You certainly should be able to speak with a priest. Find a priest that you know to be solid in teaching the faith, but also gentle and compassionate. Sometimes I have found men (dh and priests included uncertain how to deal with the intensity of the emotions involved and it may help to have dh along to make everything less awkward when the tears inevitably start to flow).
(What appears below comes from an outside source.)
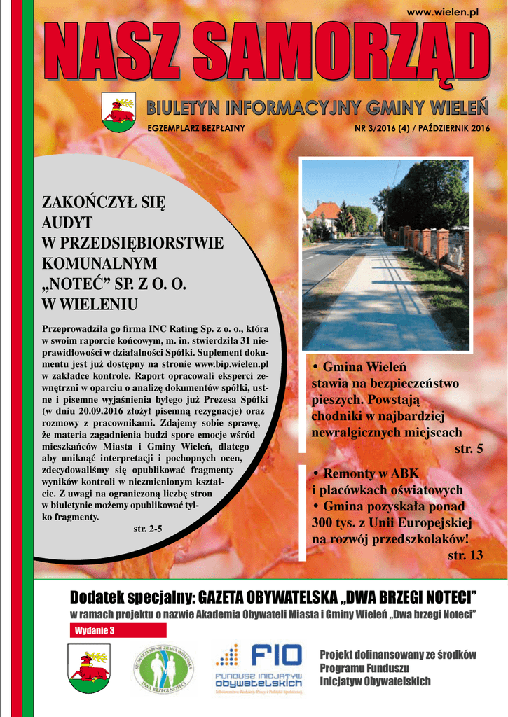 NASZ SAMORZĄD www.wielen.pl BIULETYN INFORMACYJNY GMINY WIELE¡ EGZEMPLARZ BEZPŁATNY NR 3/2016 (4) / PAèDZIERNIK 2016 ZAKOŃCZYŁ SIĘ AUDYT W PRZEDSIĘBIORSTWIE KOMUNALNYM „NOTEĆ” SP. Z O. O. W WIELENIU Przeprowadziła go firma INC Rating Sp. z o. o., która w swoim raporcie końcowym, m. in. stwierdziła 31 nieprawidłowości w działalności Spółki. Suplement dokumentu jest już dostępny na stronie www.bip.wielen.pl w zakładce kontrole. Raport opracowali eksperci zewnętrzni w oparciu o analizę dokumentów spółki, ustne i pisemne wyjaśnienia byłego już Prezesa Spółki (w dniu 20.09.2016 złożył pisemną rezygnacje) oraz rozmowy z pracownikami. Zdajemy sobie sprawę, że materia zagadnienia budzi spore emocje wśród mieszkańców Miasta i Gminy Wieleń, dlatego aby uniknąć interpretacji i pochopnych ocen, zdecydowaliśmy się opublikować fragmenty wyników kontroli w niezmienionym kształcie. Z uwagi na ograniczoną liczbę stron w biuletynie możemy opublikować tylko fragmenty. str. 2-5 • Gmina Wieleń stawia na bezpieczeństwo pieszych. Powstają chodniki w najbardziej newralgicznych miejscach str. 5 • Remonty w ABK i placówkach oświatowych • Gmina pozyskała ponad 300 tys. z Unii Europejskiej na rozwój przedszkolaków! str. 13 Dodatek specjalny: GAZETA OBYWATELSKA „DWA BRZEGI NOTECI” w ramach projektu o nazwie Akademia Obywateli Miasta i Gminy Wieleń „Dwa brzegi Noteci” Wydanie 3 Projekt dofinansowany ze środków Programu Funduszu Inicjatyw Obywatelskich Biuletyn Informacyjny Gminy Wieleń Elżbieta Rybarczyk Burmistrz Wielenia Wszystkim nam zależy na tym, aby nasza gmina, a tym sa- mym instytucje działające w jej strukturach, były dobrze zarządzane, a także rzetelnie i gospodarnie pracowały na rzecz naszych mieszkańców. Bez gospodarności nie ma rozwoju, bez rozwoju nie ma pracy. Musimy o tym pamiętać. Zarządzanie gminą rozpoczęłam od sukcesywnego budowania sprawnego i kompetentnego zespołu, który jest gwarancją i motorem zmian. Od samego początku, na bieżąco, informujemy Państwa o wszystkich decyzjach za pośrednictwem mediów oraz podczas zebrań wiejskich, osiedlowych czy innych spotkań z mieszkańcami. Pracujemy w oparciu o rzetelnie opracowane dokumenty i analizy. Materiałem wyjściowym do podejmowania przemyślanych i odpowiedzialnych decyzji był przeprowadzony w zeszłym roku „bilans otwarcia” budżetu Gminy Wieleń, który został już przedstawiony opinii publicznej. Ten dokument „Potencjał pracowników pokazał nam słabe punkty, które mają najbardziej Spółki jest dobry, ale negatywny wpływ na (i tak bardzo napiętą) sytuację przez złe zarządzanie finansową w gminie. Ponad 36 mln zadłużenia, które nie był dobrze rozpisane jest do spłaty do 2028 roku – to najważniejwykorzystywany” sze, ale nie jest to jedyne obciążenie budżetu. Bilans wyraźnie pokazał nam obszary, które generują największe straty w budżecie Gminy Wieleń. O tym również Państwa informowaliśmy. Największym problemem, z jakim zmierzyliśmy się ostatnio, było źle zarządzane Przedsiębiorstwo Komunalne „Noteć”, co w efekcie przynosiło straty finansowe dla gminy. Jestem w pełni świadoma odpowiedzialności za spółkę, w której mamy 100 % udziału, dlatego uczestniczyłam w posiedzeniach Rady Nadzorczej. Podczas posiedzeń rzadko poruszano sprawy dotyczące właściwego funkcjonowania spółki, a zwłaszcza możliwości jej rozwoju. Moje rozczarowanie stylem pracy byłej Rady Nadzorczej oraz Prezesa PK „Noteć”, a także podejściem do wcześniejszego nadzoru nad spółką ze strony Gminy – było ogromne! Ze sprawozdań składanych przez spółkę wynikało, że generuje ona duże straty. Rozmowy o szukaniu sposobów naprawy sytuacji były wyraźnie ignorowane, zarówno przez ówczesną Radę Nadzorczą, jak i kierownictwo Spółki. Z kolei w Gminie brakowało osoby wyznaczonej ustawowo do prowadzenia spraw związanych z nadzorem właścicielskim. Zauważyliśmy również wiele nieprawidłowości organizacyjnych. W takiej sytuacji podjęłam decyzję o zmianach na stanowiskach, dotyczyło to Rady Nadzorczej oraz obsługi prawnej. Wspólnie z nowymi osobami podejmowaliśmy próby racjonalizacji i dogłębnego badania sytuacji spółki. Z nowymi członkami Rady Nadzorczej podjęliśmy również decyzję o wprowadzeniu audytu. Bardzo szczegółowy materiał pokazał nam nieprawidłowości, które doprowadziły spółkę do tak złej sytuacji finansowej. Okazuje się, że przez wiele lat jedyną formą rzekomego „ratowania spółki” było dofinansowywanie w wymaganej wysokości przez Radę Miejską z budżetu gminy. Taka forma ciągłego wspierania spółki (bez ograniczeń) doprowadziła w konsekwencji do zaniedbań i braku zaangażowania w jej rozwój. Przez lata nie podjęto próby wprowadzenia nowych rozwiązań, a tym samym dostosowania się do rynku. Spółka (jako przedsiębiorstwo) mogła świadczyć szereg usług, jednak w świadomy sposób z tego rezygnowała, co powodowało stały regres. Wprowadzanie zmian, w szczególności tych, które dotykają ludzi, musi być przemyślane i poprzedzone analizami. Jeśli po przeprowadzeniu analiz nie ma już wątpliwości, co do konieczności wdrożenia zmian, to należy podjąć takie działania. Tak stało się w przypadku Przedsiębiorstwa Komunalnego „Noteć”. Pamiętam słowa osoby kontrolującej spółkę, która podczas podsumowania audytu powiedziała: „Pani Burmistrz, tym strach zarządzać”. Rzeczywiście, z analizy wynika, że w firmie panuje kompletny chaos organizacyjny, brakuje podstawowej dokumentacji, a przepływy finansowe są realizowane w sposób nieprawidłowy. Problemem jest również brak planowania oraz strategicznego podejścia do zarządzania. Od 2015 roku Gmina podejmowała decyzje mające na celu przywrócenie stabilności w spółce. Świadczą o tym zmiany kadrowe, począwszy od wprowadzenia zmian w
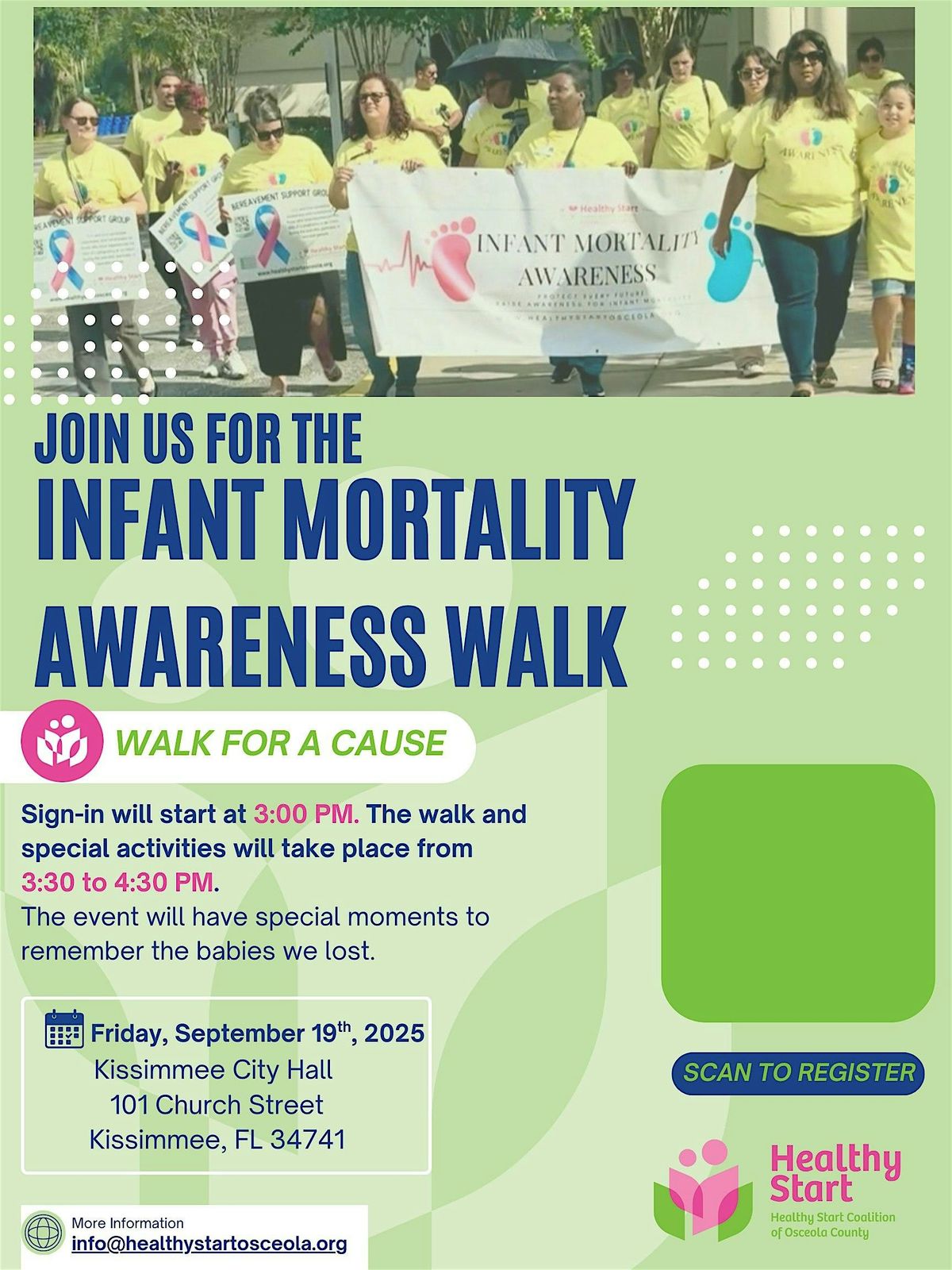 Come join us for the Infant Mortality Awareness Walk starting and ending at Kissimmee City Hall! Let's walk together to raise awareness about infant mortality and support families affected by this issue. This in-person event is a great opportunity to show your solidarity and make a difference in our community, especially as we remember the babies we lost last year. Don't miss out on this chance to come together and make a positive impact. See you there!

I suspect that you are dealing with the issue of baptism, which we also had to deal with as most of our babies were miscarried so early, I didn't always have a body to try to baptize. In the end, I know that God has asked for baptism - and it is required of us if we know it is required, but if something beyond our knowledge or control happens to prevent that, God is not Himself bound and can provide for our babies as he does for those who receive baptism of desire/blood. It helped me to realize that I could entrust my baby into God's keeping and spent some time after the miscarriage asking Our Lady to present our child to Jesus, to take care of him, to rock him and kiss him (something we never had a chance to do) and tell him how much we miss him and love him. I trust and hang onto God's infinite mercy and love for my babies and have every hope of seeing them someday in heaven. The rosary was the most comforting prayer at that time and somehow knowing that Our Lady held the lifeless body of her son and grieved as a mother, I just grew so close to her and she helped me through that time.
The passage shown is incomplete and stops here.